Et aussi : ensemble de trois marbres de l’école de Pise (vers 1350-1400) ; compositions religieuses italienne (XIV-XVIème siècle), tempera et feuilles d’or sur panneau, dont une Madone de Giovanni di Paolo ; grand polyptyque de Guariento di Arpo Couronnement de la Vierge (1344), tempera et feuille d’or.

La collection d’œuvres d’Asie méridionale (au sous-sol du musée)

Elle est principalement composée de sculptures ou éléments d’architecture sculptés en schiste, tuf, granit, marbre ou grès, originaires de l’Inde dont le Rajasthan, du Tibet, du Népal, du Skri Lanka du Cambodge et de Thaïlande. On retrouve le panthéon bouddhique avec des représentations de Bouddha Ganesh, Chamunda, Vishnu, Kumaraou Kubera. Les pièces les plus anciennes sont datées entre 1000 avant JC et 200 après ( il s’agit de trois superbe poterie dite “red-on-buff”, Thaïlande, Ban Chiang ). Parmi le très important nombre d’oeuvres, on peut également voir des reliquaires en bronze du Skri Lanka et de Thaïlande (XIIème-XIVème siècles), des objets votifs du Tibet, un remarquable ensemble de bronzes sculptés de procession (Skri Lanka, IXème-XVIIIème siècles), des miniatures indiennes des XVIIIème et XIXème siècles, une sculpture dite “Hari-Hara” du Cambodge (VIIIIème siècle), des plaques d’or repoussées (Thaïlande, VIIème-VIIII ème siècle). Un petit jardin jouxtant ces salles abrite principalement des sculptures en granit originaire de l’Inde ( entre 800 et 1600).

Norton Simon (1907-1993) et Jean-Paul Getty (1892-1976)

On oppose souvent, à tord, ces deux grands collectionneurs. Le Norton Simon et le Getty Museum abritent tout les deux des oeuvres exceptionnelles. La démarche de chacun des deux hommes apparaît comme très différente : Simon reconstituait un panorama de la peinture occidentale du XIVème siècle au XXème siècle et choisissait des artistes plus que reconnus pour alimenter sa collection. La démarche de Getty s’inscrit plus dans une recherche, une exploration. Simon et Getty ont parfois réuni leurs ressources pour acquérir des œuvres.

Jennifer Jones

Actrice américaine et deuxième femme de Norton Simon (il l’épouse en 1971). Sous contrat avec le producteur David O. Selznick, elle avait remporté l’Oscar de la meilleur actrice en 1944 pour son interprétation dans Le Chant de Bernadette. Elle sera aussi nommée aux Oscars pour son rôle dans le flamboyant Duel au soleil dont la scène finale est digne d’une tragédie grecque. Aujourd’hui, madame Simon-Jones gère la collection de son époux disparu.

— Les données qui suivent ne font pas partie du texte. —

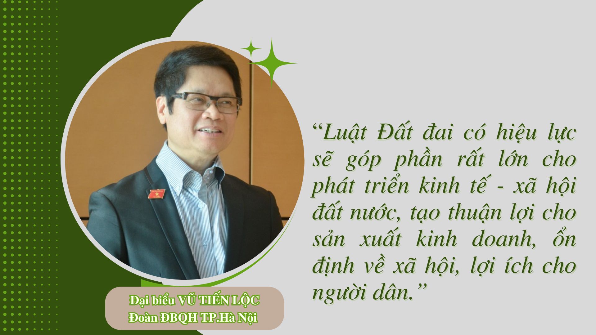 Theo Quochoi.vn, chia sẻ quan tâm đến vấn đề này, đại biểu Vũ Tiến Lộc, Đoàn ĐBQH TP.Hà Nội cho rằng: “ Hiện nay một trong những điểm nghẽn lớn nhất có liên quan đến Luật Đất đai. Do đó, với những sửa đổi luật rất tích cực vừa qua, nếu sớm được nửa năm đưa vào thi hành sẽ có lợi rất lớn cho phát triển kinh tế – xã hội đất nước, tạo thuận lợi cho sản xuất kinh doanh, ổn định về xã hội, lợi ích cho người dân.” Đại biểu Vũ Tiến Lộc nêu rõ, nửa năm là thời gian rất quý giá và sẽ tạo ra động lực để thúc đẩy tăng trưởng nền kinh tế.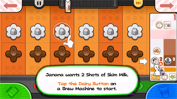 1. 第一單加熱時(shí),可先去做卷(即最后那一步驟)。若買了加速器,等第二單時(shí),能邊按操作邊準(zhǔn)備下一單。有新客人來(lái),先加熱新客人的訂單,同時(shí)繼續(xù)做上一單。要留意加熱進(jìn)度條,牛奶加熱別超過(guò)綠色區(qū)域!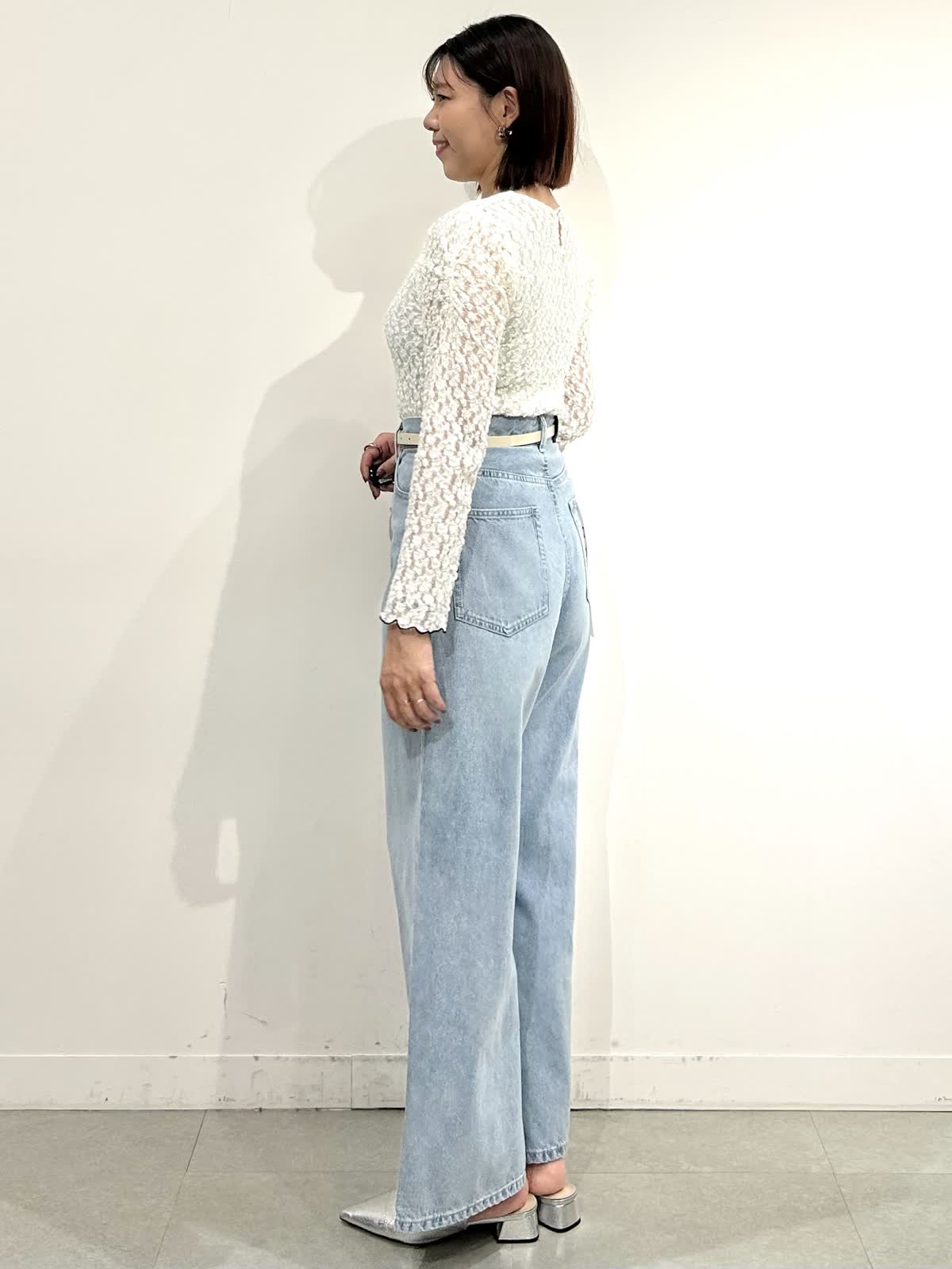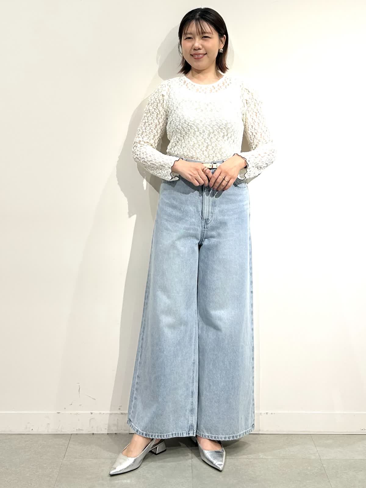 ボトムはワイドデニムでこなれ感のあるカジュアルスタイルに。ウエスト位置が高くみえるのでヒップも上がって見えて脚長効果に繋がります。

Norton Simon Museum. 411 West Colorado Boulevard. Pasadena. Californie. Ouvert du mercredi au lundi de 12 heures à 18 heures et le vendredi de 12 heures à 21 heures. Musée fermé pour le Rose Parade Day, Thanksgiving et Noël. Site : http://www.nortonsimon.org/

Source : informations relevées au musée Norton Simon and The Art Of Negociation, The Building of the Norton Simons Collections, brochure éditée par la Norton Simon Art Foundation. La grande majorité de ces informations sont traduites par l’auteur. Elles sont adaptées, synthétisées et mises en forme par l’auteur.